___ DATA

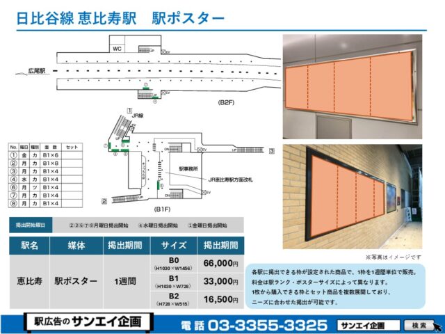 この度は、東京メトロ日比谷線 恵比寿駅の駅貼りポスター(駅に貼るポスター)のご案内です。
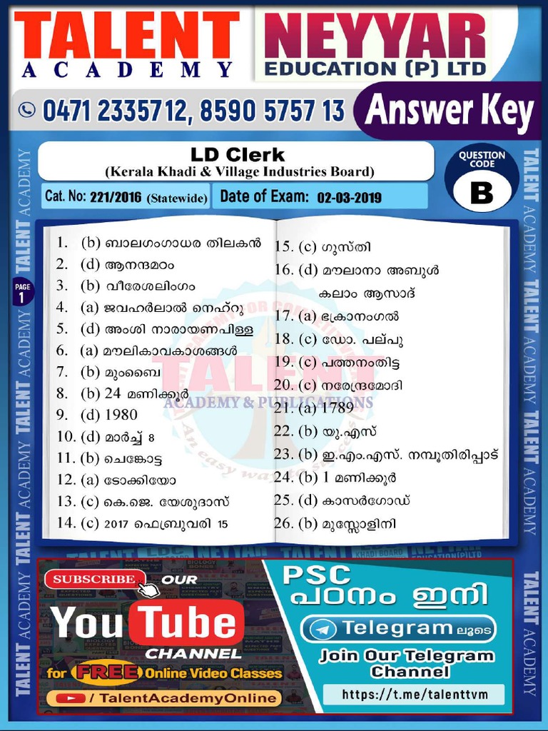 Kerala Psc Talent Academy Secretariat Assistant Malayalam
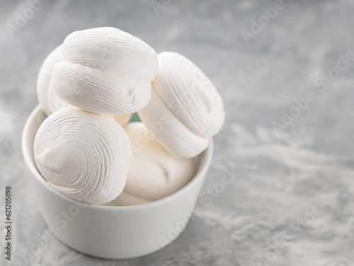 © Lazartivan, Fototapeta premium Zephyr marshmallows in bowl on a gray background. Sweet dessert marshmallows on concrete. Copy space

______

Images stay out, but the rest of the data above must be repeated exactly.

 この度は、東京メトロ日比谷線 恵比寿駅の駅貼りポスター(駅に貼るポスター)のご案内です。
 Kerala Psc Talent Academy Secretariat Assistant Malayalam
 © Lazartivan, Fototapeta premium Zephyr marshmallows in bowl on a gray background. Sweet dessert marshmallows on concrete. Copy space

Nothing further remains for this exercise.